Throughout the life of an Operating System, the manufacturer will release updates, often referred to as patches. These may add new features, or address critical security vulnerabilities. While that manufacturer continues to patch up their previously released Operating System, they’re also working on releasing the next iteration. In Microsoft’s case, there have been two versions since Windows 7—Windows 8 and Windows 10. Now, you might be asking yourself just where Windows 9 is, and in this you and the author agree. Windows 8 was similar in many respects to Indiana Jones 4, in that we as a society have agreed to not talk about it and that it may never have happened. Windows 10 on the other hand addressed numerous issues found in Windows 7 and introduced myriad feature enhancements.

Think better and faster.

What this also means is that Microsoft is switching their development focus to Windows 10, necessitating that Windows 7 be sunsetted. The official terminology that Microsoft uses for this process is End of Life, sometimes abbreviated as EoL. Morbid though it may be, the explanation behind the nomenclature is somewhat mundane—when an Operating System is EoL, it will no longer be patched by the manufacturer.

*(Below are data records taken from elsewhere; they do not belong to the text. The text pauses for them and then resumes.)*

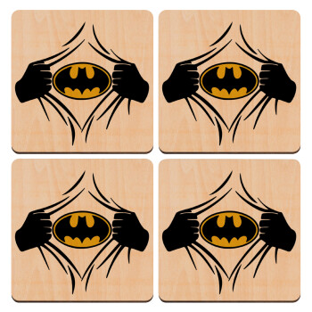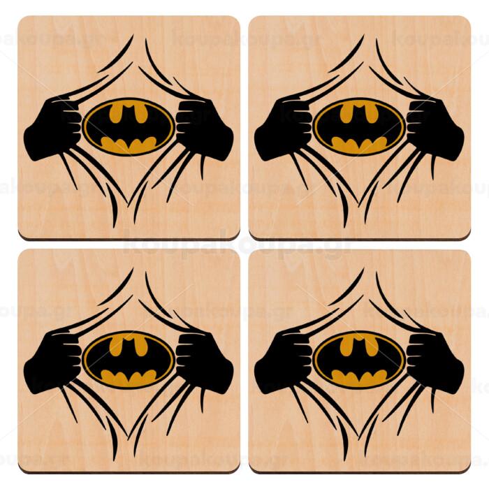 Hero batman, ΣΕΤ x4 Σουβέρ ξύλινα τετράγωνα plywood (9cm)
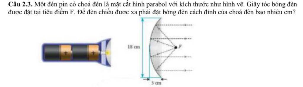 `->` Đèn chiếu được xa khi bóng đèn đặt cách đỉnh của choá đèn `(81)/(12) (cm)`
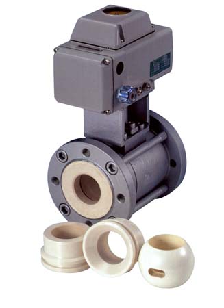 耐磨耐腐蚀全衬陶瓷球阀,其与介质接触部分全部采用耐腐蚀性能极强的结构陶瓷制作,具有金属阀门无法比拟的耐腐蚀性能,是强腐蚀场合下钛阀、蒙乃尔阀的理想替代产品,同时具有极强的耐磨损、耐冲蚀性能,使用寿命是钛阀的2~4倍,特别适合于电厂脱硫系统、化肥厂输送浆液以及焦化、造纸等强腐蚀介质的场合。
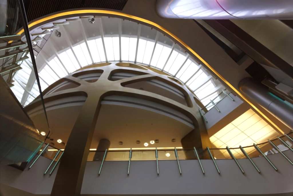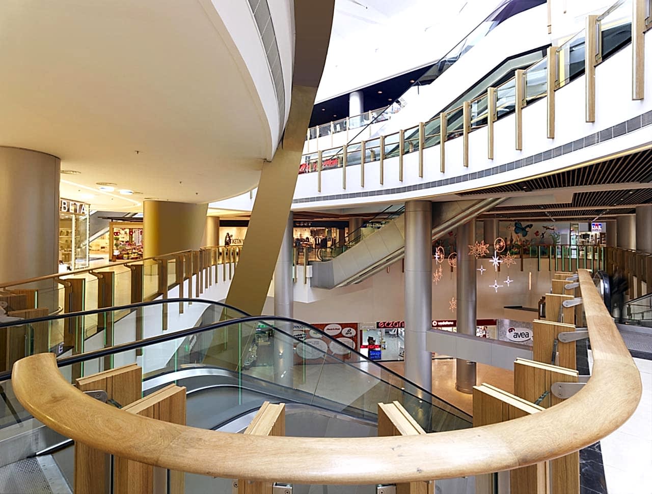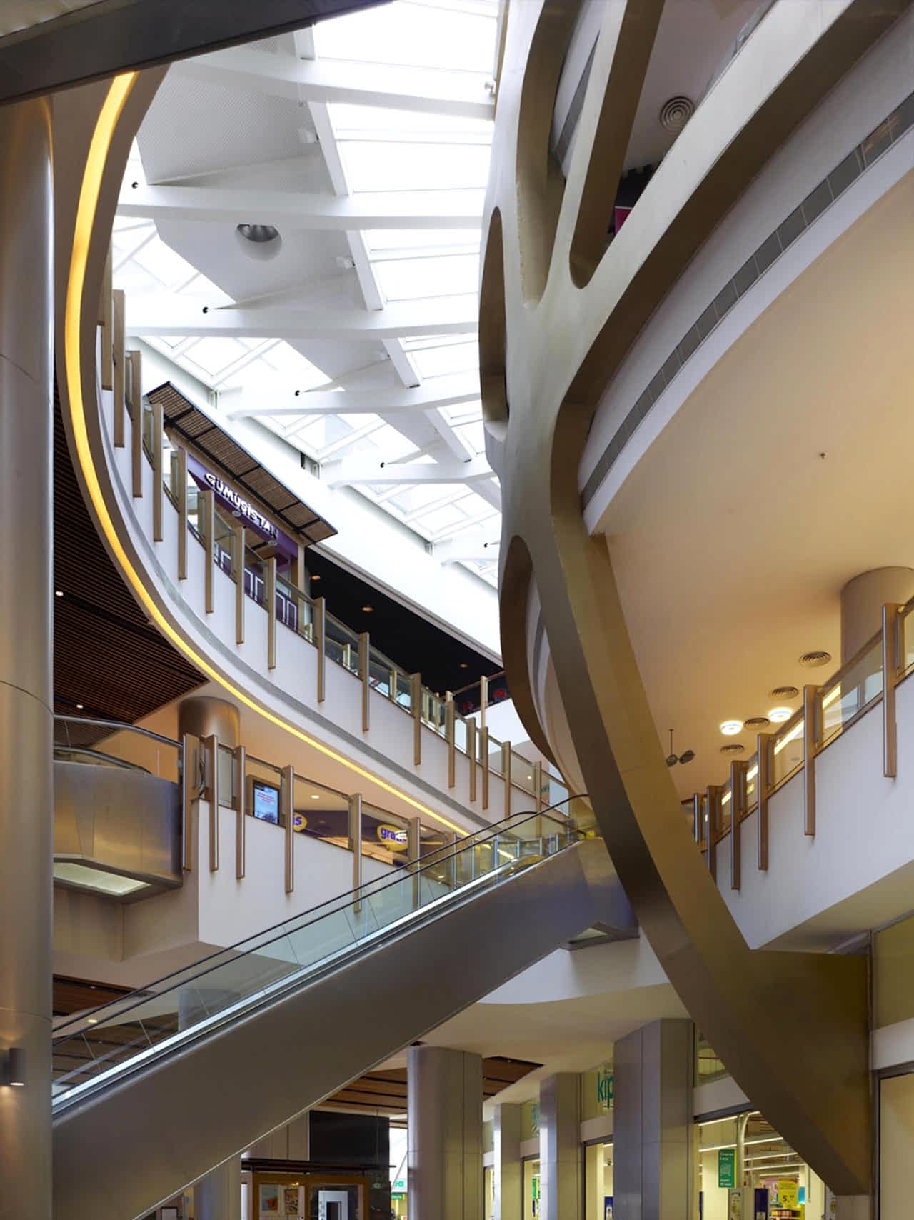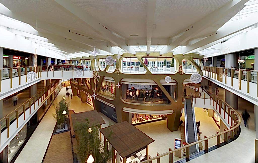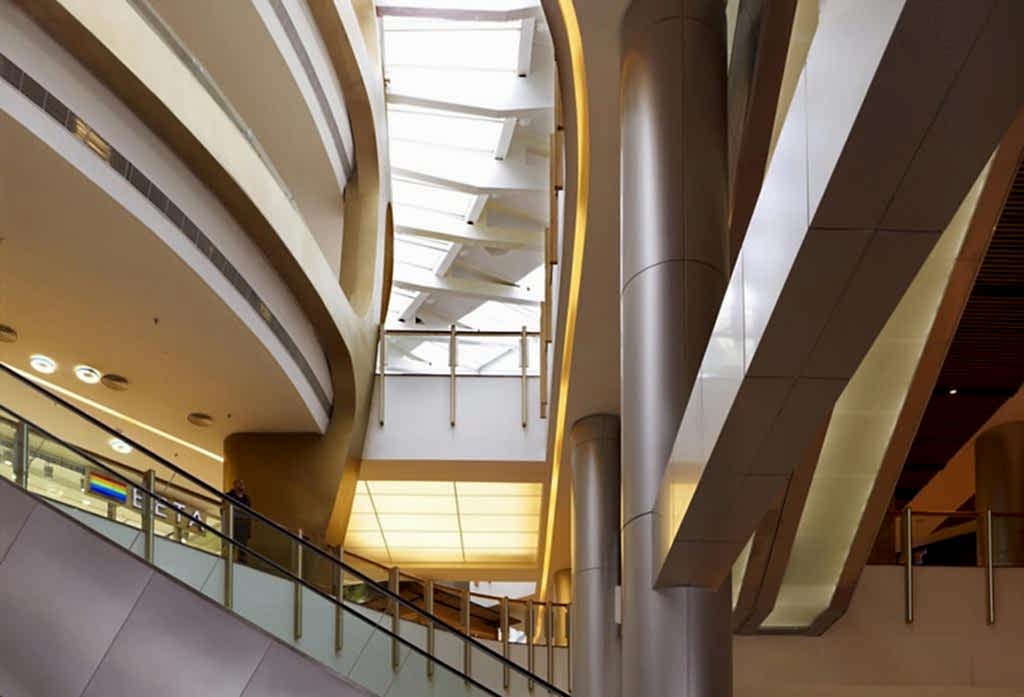 İç mekanın ortasında çatıyı da taşıyan dev strüktürün çevresinde her katta değişen planimetri ve geri çekilmelerle sağlanan değişken iç boşluk zengin perspektifler yaratmakta ve mağazalar arası görsel ilişkiyi kuvvetlendirmektedir. Çatı avlusunda oluşturulan meydan yeme içme alanlarına değer katarken, avm iki açık meydan arasında bir sirkülasyon mekanı olarak çalışır.
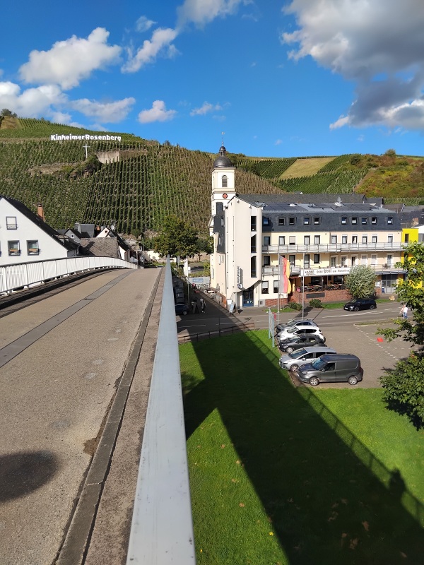 Wir hatten Glück und konnten uns direkt an die Mosel stellen. Bis “Manni”, der Platzwart kam um die Stellplatzgebühr zu kassieren, gingen wir erst einmal eine Runde durch Kinheim um zu schauen was sich innerhalb eines Jahres verändert hat. Viel fanden wir nicht.
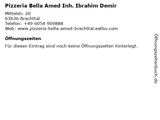 | Pizzeria Bella Amed Inh. Ibrahim Demir anrufen | |
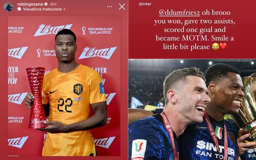 - Dopo una partita del genere, chi non sprizzerebbe gioia da tutti i pori? Lui. Come gli fa notare il suo compagno di squadra nell'Inter, Robin Gosens, commentando la foto che lo ritrae con il premio di migliore in campo
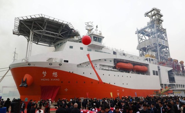 ↑12月18日,我国自主设计建造的首艘大洋钻探船正式命名为“梦想”号。这是在广州拍摄的命名仪式现场。新华社记者 黄国保 摄
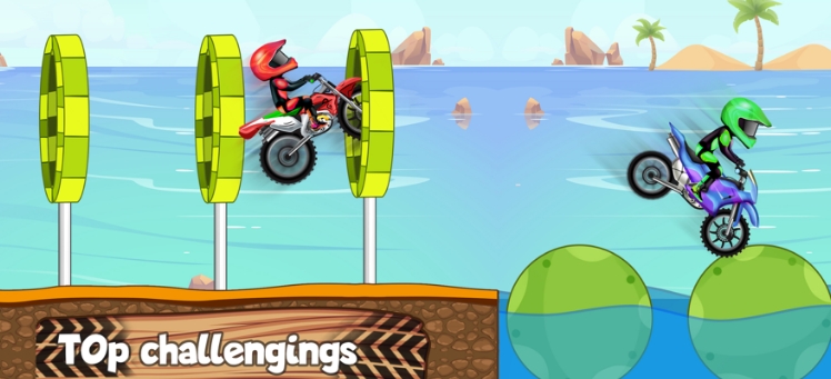 游戏中有很多的特技摩托,玩家闯关获得的积分可以兑换这些摩托,或者对摩托进行升级。玩家通关时还能解锁更多的风景,在游戏时可以一边闯关一边欣赏风景。
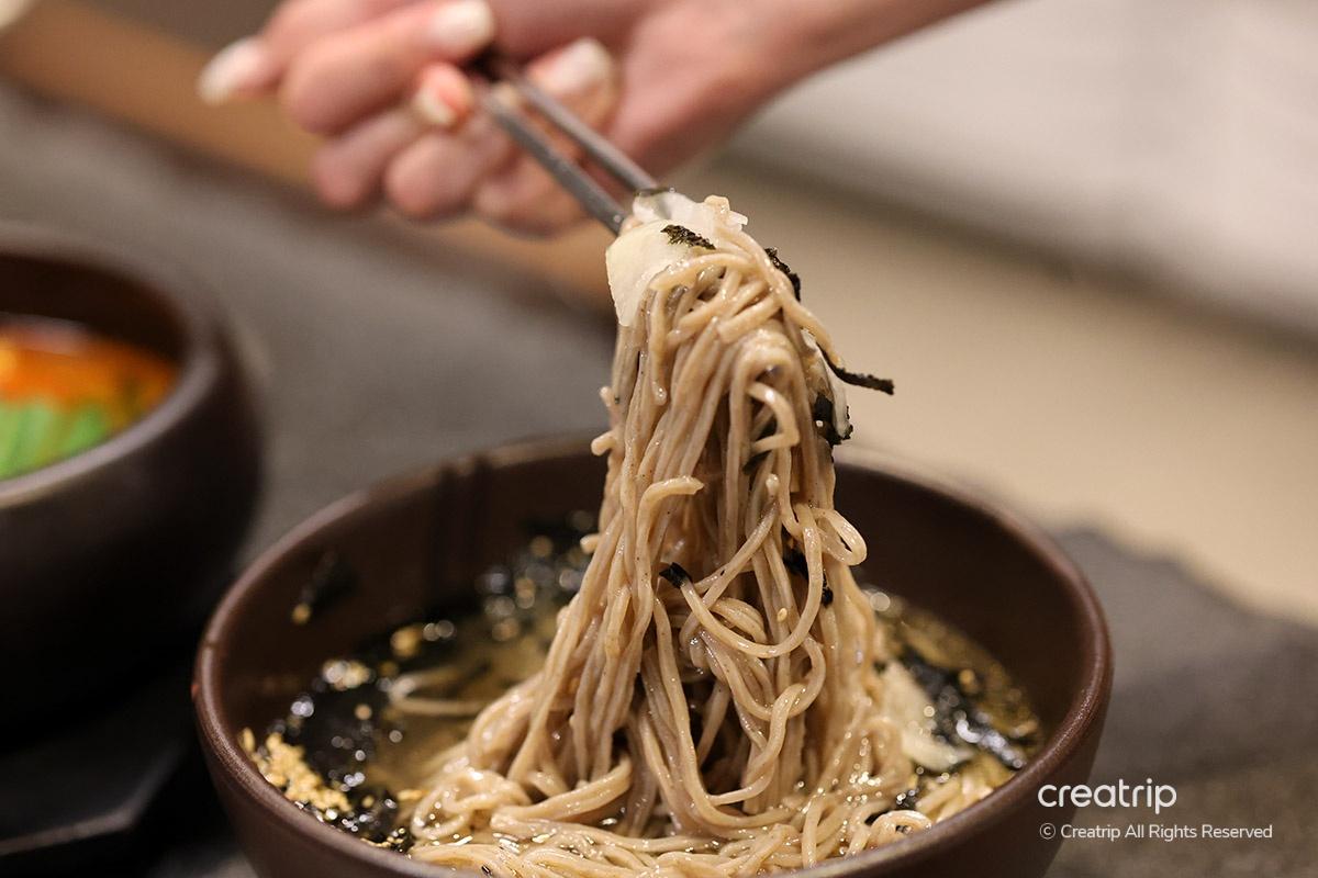Another recommended menu is buckwheat noodles which has a strong sesame oil scent and can be enjoyed with a cold broth for a refreshing taste. In addition to this, there are various menus such as Saeng Bibim Memil Myeon and spicy tofu hot pot, so you can choose according to your preference.
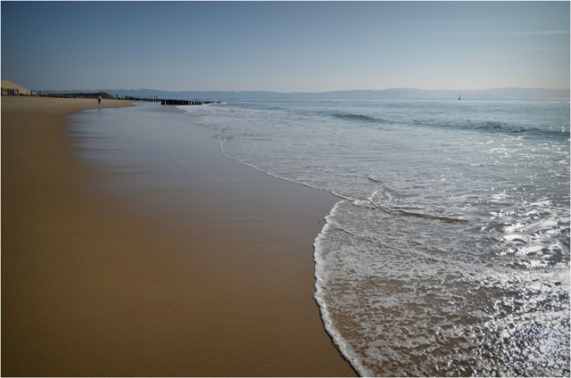 Extrémité Sud-Est de la pointe, face à la dune du Pyla (oyats et épis de bois) :

Many of you reading this article might be thinking to yourselves “Great! You’re telling me I never have to sit and wait while my computer installs updated 1 of 37 again?” While the lack of annoying updates may seem like an unasked for bonus, what this really means that critical security flaws are no longer being patched. This is always a huge concern with older Operating Systems, and has led Microsoft to extend the lifecycle of some of their more popular variants, like Windows XP. You could think of the situation like living in an old house with an alarm system—only in this instance 600 of your neighbors have copies of your key and there’s a billboard behind it advertising your alarm code. Windows 7 has been around a long time, and when it stops receiving updates to patch newly found security vulnerabilities, they will be exploited almost immediately; to steal your identity, install malware, etc.

Windows 7 will officially be EoL on January 14th, 2020.

In the time between then and now, you must start planning. If you have any computers still running Windows 7, there’s no time like the present to upgrade to Windows 10. Additionally, if your home or business has multiple workstations running Windows 7, this should be a planned process, as the migration to Windows 10 or replacement of existing machines will necessitate some down time. In the event that you elect to upgrade existing machines to Windows 10 from Windows 7, make sure that any important data on them (like documents, photos, or videos) has been backed up prior to beginning the upgrade process. Finally, stay tuned for our article next month, where we’ll discuss EoL for Windows Server 2008.

Written by Tristan Collopy

Mythos Technology is an IT consulting and management firm. For more information, please visit or call (951) 813-2672.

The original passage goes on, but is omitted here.